Cela prend vraiment beaucoup de temps. Ce qui est cool dans le monde littéraire, c’est que j’ai la trentaine et que je suis fondamentalement un adolescent. Vous commencerez plus tard. Il y a tellement d’autres domaines où ce n’est pas vrai. Je suis amie avec beaucoup de musiciennes qui ressentent vraiment la pression de vieillir – il y a une telle obsession pour la culture des jeunes ici qui est toxique et folle. Ma meilleure amie et moi avons vraiment eu de la chance, car elle est peintre et je suis écrivain. On peut vieillir avec grâce et ça n’a pas d’importance, parce que j’ai l’impression de m’améliorer chaque année.

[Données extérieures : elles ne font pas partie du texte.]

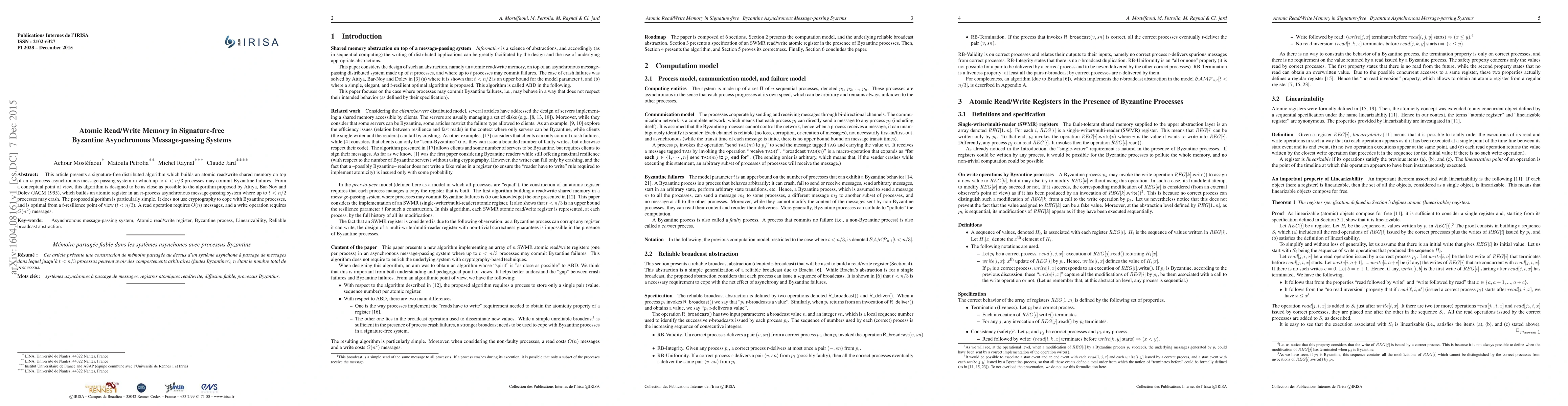 This paper introduces a signature-free algorithm for constructing an atomic read/write memory in a Byzantine asynchronous message-passing system, achieving optimal resilience against $t<n/3$ failures without using cryptography. The algorithm requires $O(n)$ messages for reads and $O(n^2)$ for writes.

Pourtant, j’ai dû me battre contre une critique intérieure très bruyante, car je n’avais pas de conteneur pour cela, ni de cadre : Voici les étapes à suivre, et voici les personnes qui peuvent vous aider. Je cherchais vraiment à me repérer dans le noir, en termes de navigation. Je veux en parler – pas pour être comme, Je suis spécial, mais être comme, C’est tout à fait possible. Vous devez juste avoir un niveau de discipline punitif. Une forte éthique de travail slave et une culpabilité catholique sont également utiles.